Exercise goal → The data below should be restated word for word, pictures omitted.

BEGIN

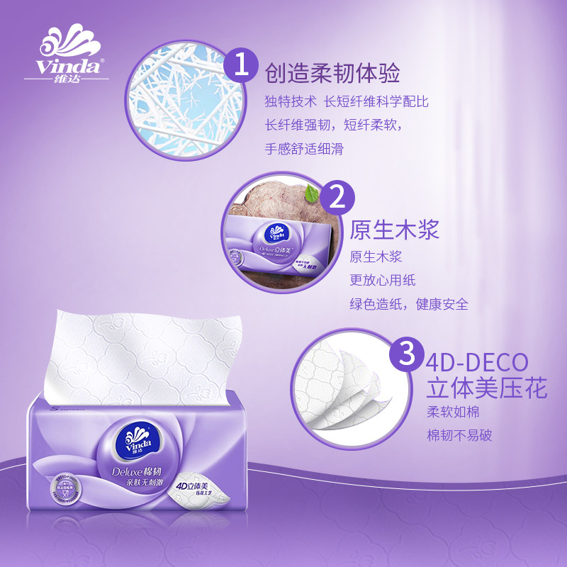 【进直播间】维达棉韧抽纸3层卫生纸巾实惠装餐巾纸面巾整箱家用
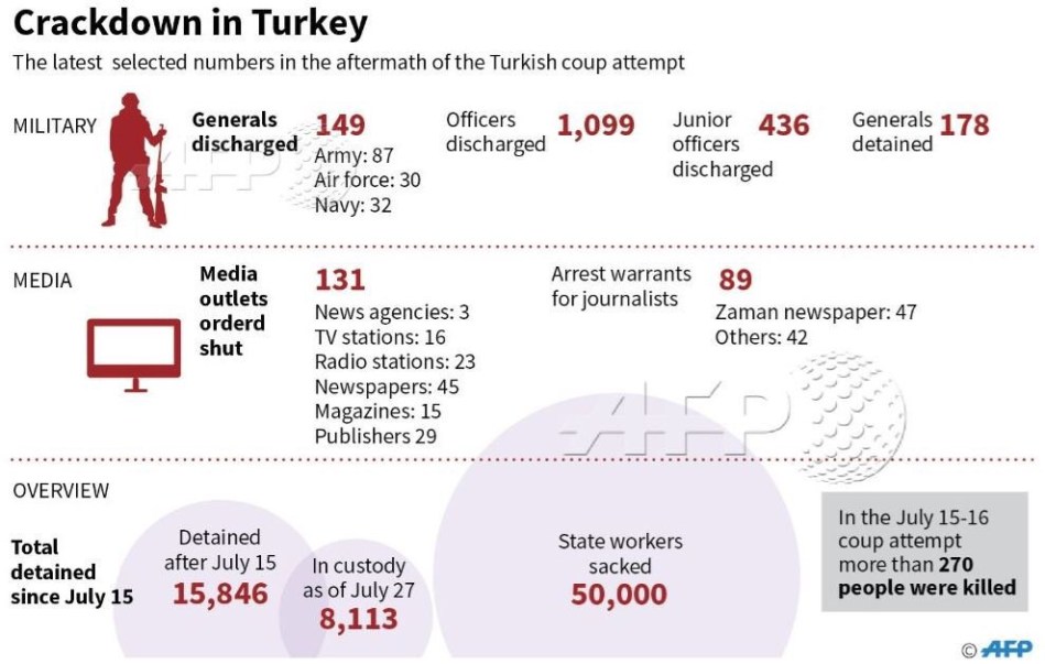(AFP)-Latest numbers in Turkey’s crackdown after the July 15 attempted coup
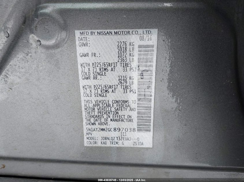 2016 NISSAN ROGUE 2016 року Бензин, 2.5, Повний привід, vin - 5N1AT2MM2GC897038 з США
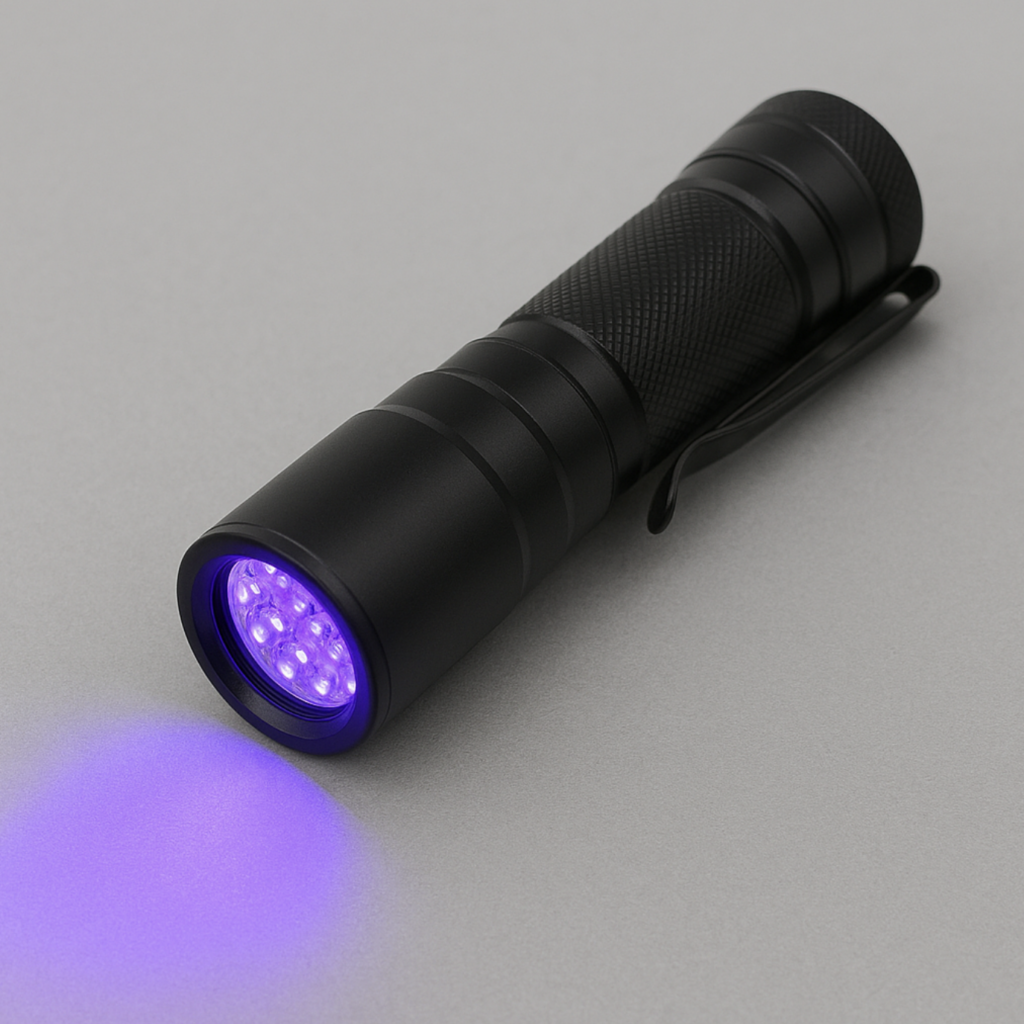 Druhou nutností je UV světlo. Jasně, běžně ho doma asi nemáte, ale například baterku s UV světlem koupíte za pár korun. Kdo chce sáhnout hlouběji do kapsy může si pořídit UV lampu na detekci bankovek.
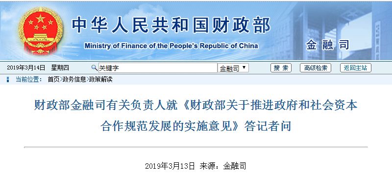 文章導(dǎo)讀近日,財(cái)政部印發(fā)《關(guān)于推進(jìn)政府和社會(huì)資本合作規(guī)范發(fā)展的實(shí)施意見》(以下簡稱《實(shí)施意見》)。財(cái)政部金融司有關(guān)負(fù)責(zé)人就《實(shí)施意見》有關(guān)情況回答了記者的提問。來源:財(cái)政部問:請介紹一下出臺《實(shí)施意見》的背景和主要目的?答:推廣政府和社會(huì)資本合作(PPP)模式,引導(dǎo)社會(huì)資本參與公共服務(wù)供給,是黨中央...
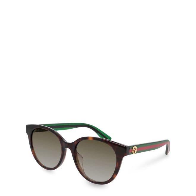 Discover Gucci sunglasses, a perfect blend of style and functionality. These oval eyewear pieces feature a full rim design crafted from durable plastic and acetate materials. The single bridge adds to the sleek look, while the striped pattern and monogram logo embellishments enhance their casual appeal. Equipped with 100% UV protection, they are ideal for all seasons. -

END

Task result →
 【进直播间】维达棉韧抽纸3层卫生纸巾实惠装餐巾纸面巾整箱家用
(AFP)-Latest numbers in Turkey’s crackdown after the July 15 attempted coup
 2016 NISSAN ROGUE 2016 року Бензин, 2.5, Повний привід, vin - 5N1AT2MM2GC897038 з США
 Druhou nutností je UV světlo. Jasně, běžně ho doma asi nemáte, ale například baterku s UV světlem koupíte za pár korun. Kdo chce sáhnout hlouběji do kapsy může si pořídit UV lampu na detekci bankovek.
 文章導(dǎo)讀近日,財(cái)政部印發(fā)《關(guān)于推進(jìn)政府和社會(huì)資本合作規(guī)范發(fā)展的實(shí)施意見》(以下簡稱《實(shí)施意見》)。財(cái)政部金融司有關(guān)負(fù)責(zé)人就《實(shí)施意見》有關(guān)情況回答了記者的提問。來源:財(cái)政部問:請介紹一下出臺《實(shí)施意見》的背景和主要目的?答:推廣政府和社會(huì)資本合作(PPP)模式,引導(dǎo)社會(huì)資本參與公共服務(wù)供給,是黨中央...
 Discover Gucci sunglasses, a perfect blend of style and functionality. These oval eyewear pieces feature a full rim design crafted from durable plastic and acetate materials. The single bridge adds to the sleek look, while the striped pattern and monogram logo embellishments enhance their casual appeal. Equipped with 100% UV protection, they are ideal for all seasons. -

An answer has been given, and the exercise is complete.